Removal of disease such as atherosclerotic plaque, thrombus, and other types of obstructions and partial obstructions from internal body lumens or cavities is a well-established interventional technique. Numerous interventional catheters have been conceived and developed. Most of these systems require placement of a guiding catheter and guide wire prior to introduction and placement of the interventional catheter at the target operating site. Advanceable and/or rotating operating heads have been used to cut and/or ablate obstructions. Many of these prior art systems incorporate aspiration systems to remove the ablated material from the site.

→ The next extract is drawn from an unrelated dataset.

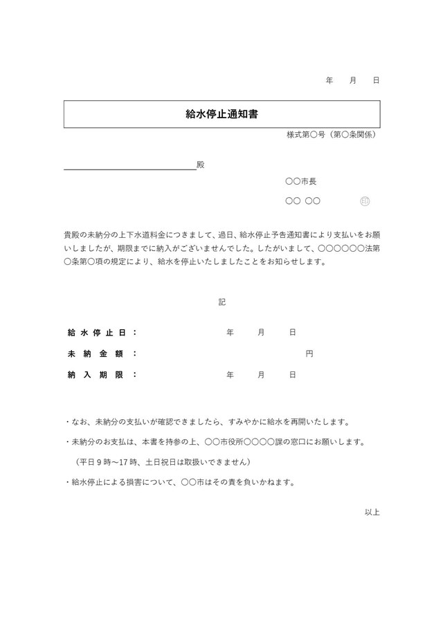 給水停止通知書テンプレート01「シンプルなテキスト文」 ワード・Word 無料ダウンロードテンプレートNAVI。
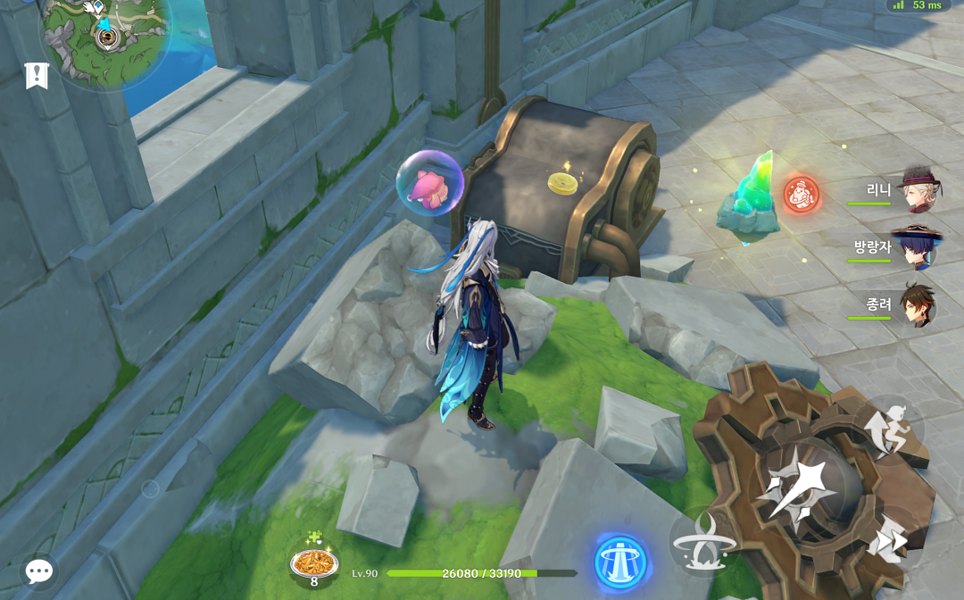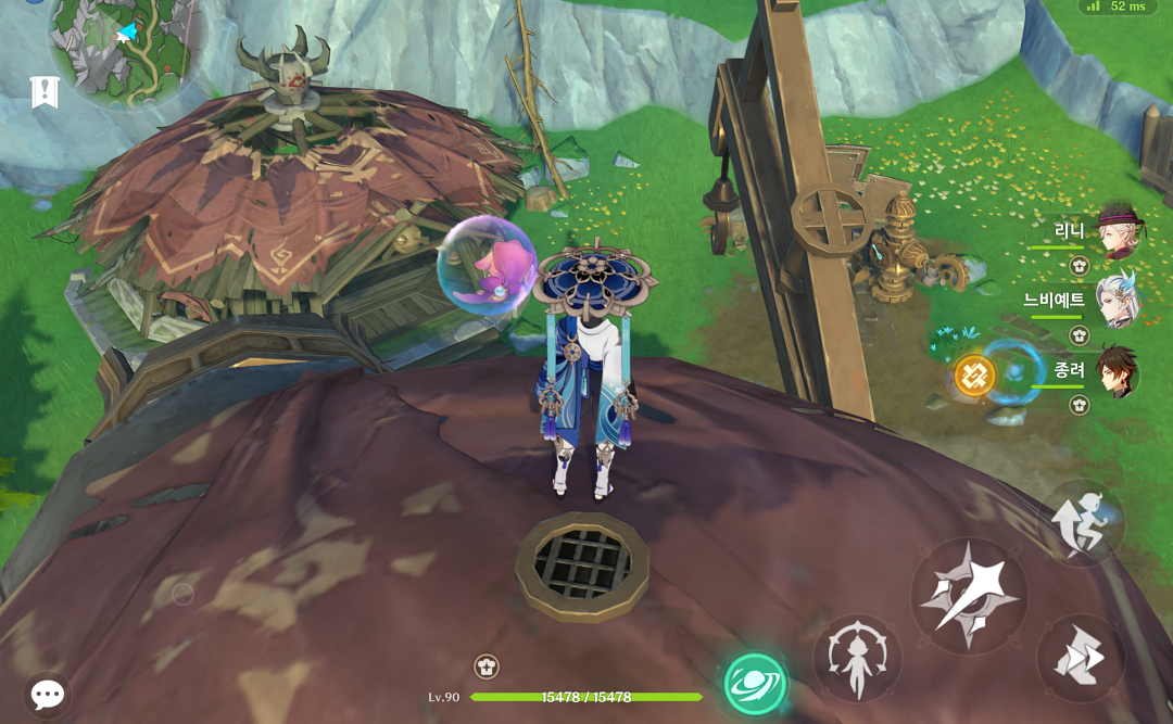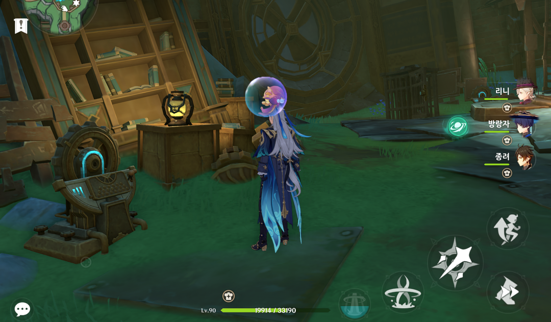 아래쪽에 있는 기계장치옆 물 포털로 진입하면 바로 기계장치 위로 이동하며 신비로운 광석을 획득할 수 있습니다.

Despite the many and varied approaches to material removal systems, many challenges remain in providing systems for removing material from a lumen, such as a blood vessel, safely and reliably and without causing complications. The safety and reliability of the system is manifestly critical. Recovery of debris generated during a material removal operation, or maceration of the debris to a particle size that will not produce blood vessel damage or embolic events is essential. The flexibility and size of an interventional catheter is also an important feature. The system must be small enough and flexible enough to navigate through sometimes tortuous internal structures and passageways, such as blood vessels, for placement at the target interventional site. The interventional catheter must also have sufficient stiffness and integrity to operate reliably at high rotational rates while allowing for aspiration and/or infusion of fluids to the site.
In interventional catheters that employ a “cutting head,” any cutter structures must be benign during navigation of the operating head to and from the target site, yet effectively remove material during the operation. In addition, cutter structures must effectively remove disease or undesired material without damaging delicate neighboring tissue, such as blood vessel walls or other healthy tissue, which often surrounds the undesired material. Thus, it is important for cutter structures of the interventional catheter to accurately and reliably differentiate between the disease or undesired material and healthy tissue.
The extent and consistency of the disease or undesired material forming an obstruction are frequently not well characterized prior to an intervention. Thus, although interventional catheters and cutter assemblies having different sizes and material removal properties may be provided, and may even be interchangeable on a material removal system, it is difficult to ascertain which combination of features will be most effective in any particular intervention prior to insertion of the device. Various quick-connect systems have been developed to permit removal and installation of multiple operating catheters during a single surgical intervention. This is not ideal, since the interchange, requiring withdrawal and insertion of multiple interventional catheters, is time consuming and increases the risk of the operation. Having access to multiple cutter assemblies having different sizes and different material removal properties on a single interventional operating catheter is highly desirable.
Many prior art interventional catheters are intended to be entirely disposable. That is, the catheter tube, operating head, drive and control mechanisms are provided as sterile, single use, disposable systems. Because such systems have rigorous operating and control requirements, providing an interventional catheter and control assembly as a single-use, disposable system is expensive. It would be desirable to reuse some of the operating and/or control mechanisms without sacrificing sterility and operational convenience.
Several prior art interventional catheters provide for aspiration of liquids and/or debris from the material removal site. In general, such aspiration is provided by a vacuum pump or, in many cases, by an evacuated recovery vessel, such as an evacuated bottle. These systems tend to provide inconsistent and variable vacuum during operation, which reduces the efficiency and effectiveness of the material removal operation and, under certain circumstances, may compromise the health of the patient.
The operation of an advanceable, rotatable operating head is generally under the control of a physician or other professional using some type of a sliding advancement mechanism operated within the sterile field. Advancement of a rotatable operating head to remove undesired material must generally be carefully coordinated with rotational control of the operating head. Rotational speed displays may be provided in the form of an rpm gauge on a control module. Advancement of the operating head is often visualized on a separate display.
Although interventional catheters are used frequently, limitations in the flexibility, reliability and versatility of existing systems limit the types of disease conditions that can be effectively treated. The interventional catheter assemblies and control systems of the present invention have been designed to overcome these limitations.